Minority Leader John Boehner (R-Ohio) told HuffPost he had the same political instincts. "If they had the votes, we'd be out there debating the rule," said a smiling Boehner. "It's that simple."

UPDATE: 9:10 p.m. "New Dems have reached an agreement that includes a balanced compromise on our key issues. This agreement will allow us to create an empowered Consumer Financial Protection Agency that will place tough new federal regulations on financial institutions from large banks to payday lenders to mortgage brokers," reads a statement put out by Rep. Joseph Crowley (D-N.Y.), Chair of the New Democrat Coalition and Bean, New Dem Vice-Chair and Co-Chair of the New Dem Financial Services Task Force.
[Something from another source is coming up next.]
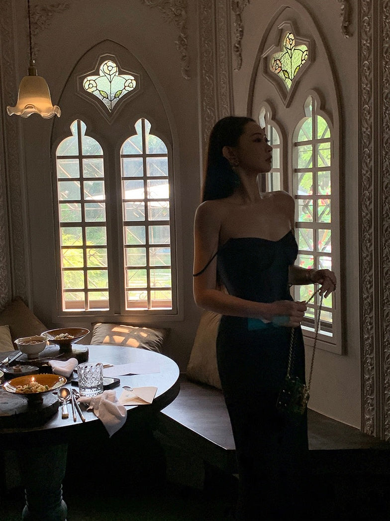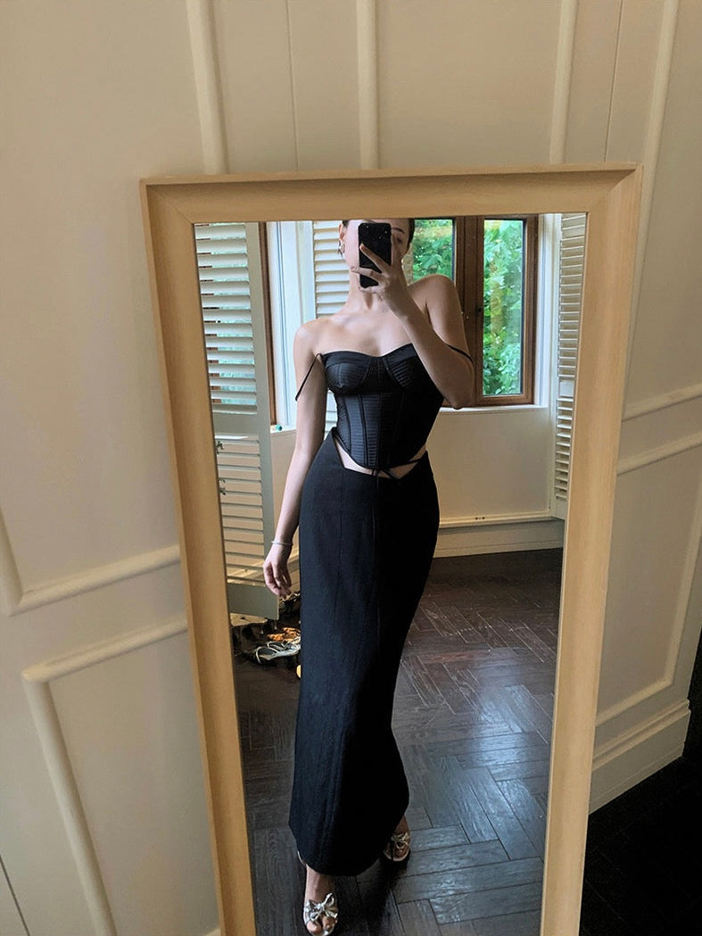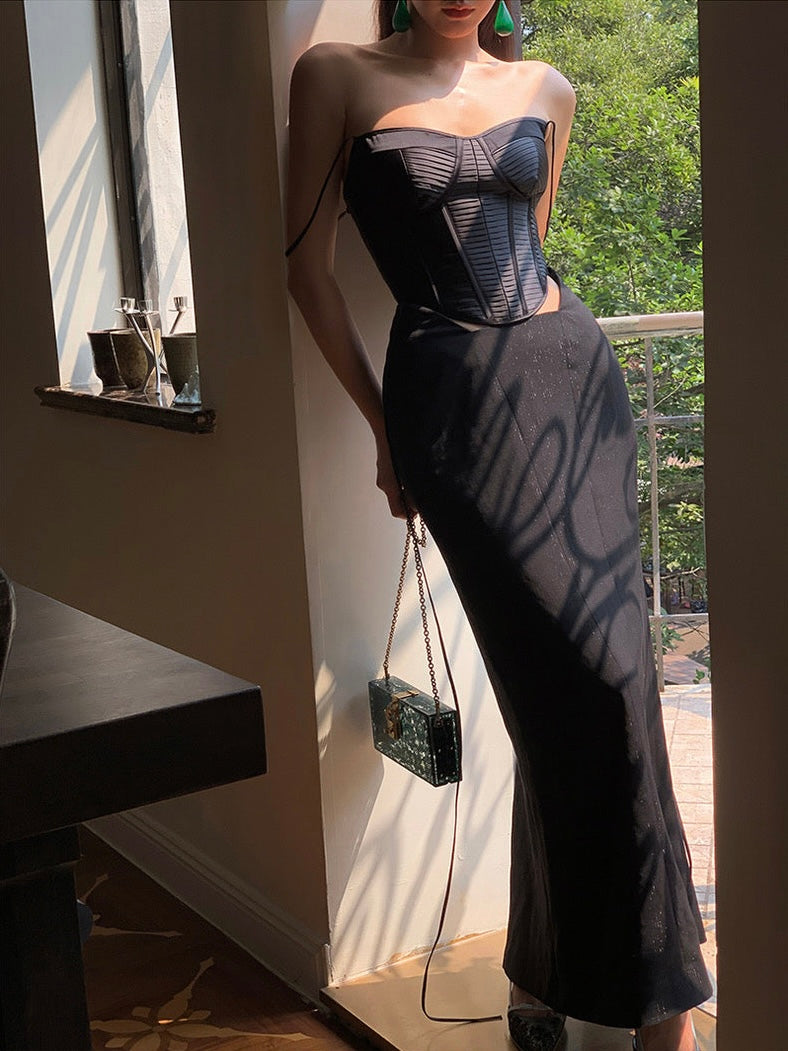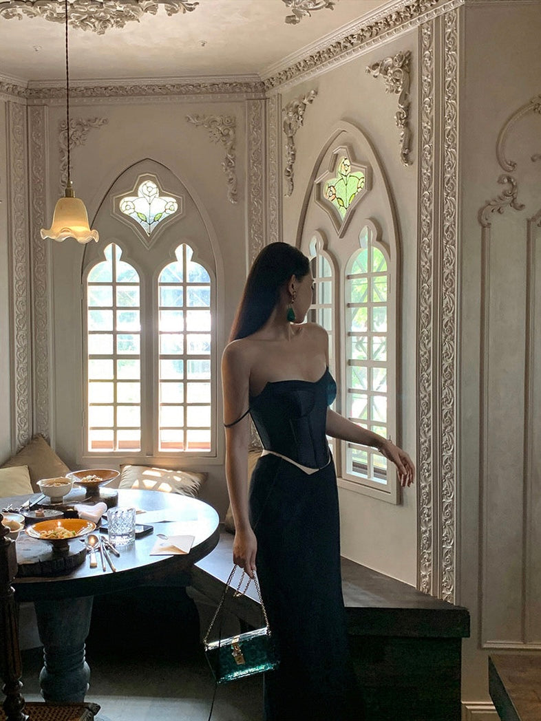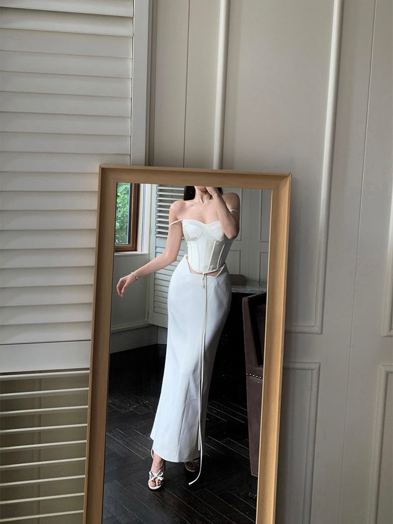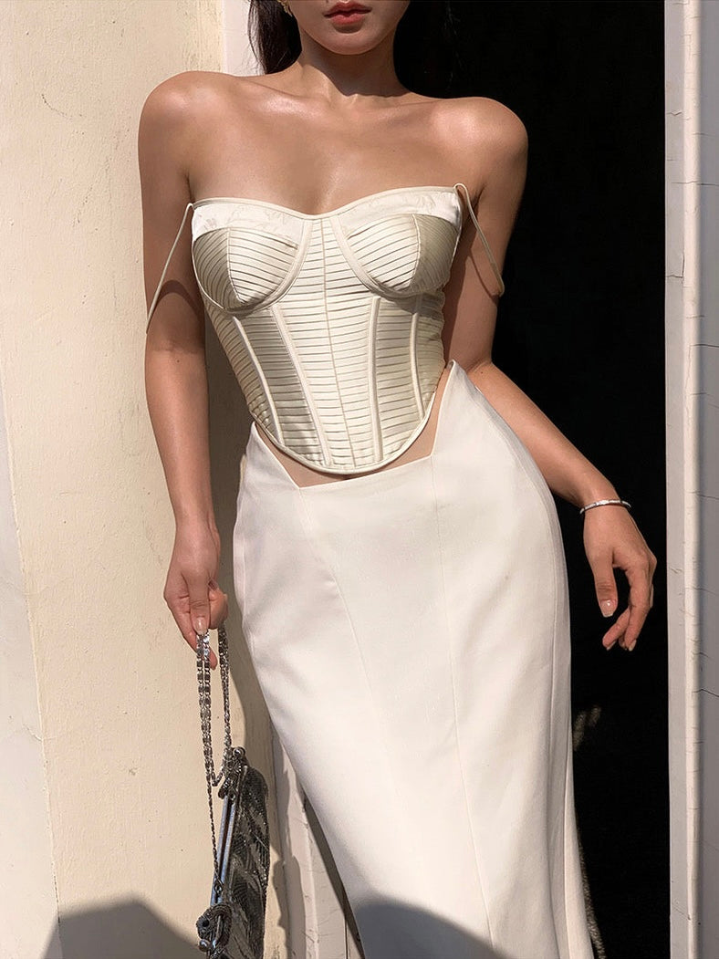 We built the ‘Marini’ top to feel beautifully structured and unmistakably sculpting, with dimensional boning that traces the body’s curves in the most flattering way, then finished it in a luxe mix of glossy satin and textured jacquard for a richer, more elevated depth.

"We look forward to continuing to work with House Leadership and the Obama Administration on enacting comprehensive reform that will achieve our long stated goals of overhauling our nation's financial regulations to ensure more effective oversight, greater transparency and robust consumer protection."

The deal, HuffPost is told, has been reached in principle and allows a Murphy/McMahon/Kratovil amendment relating to derivatives used by end users to go to the floor.

And instead of getting a floor amendment, Bean will get some of her language on preemption inserted into the manager's amendment that Frank will introduce.

The agreement clears the bill to move forward.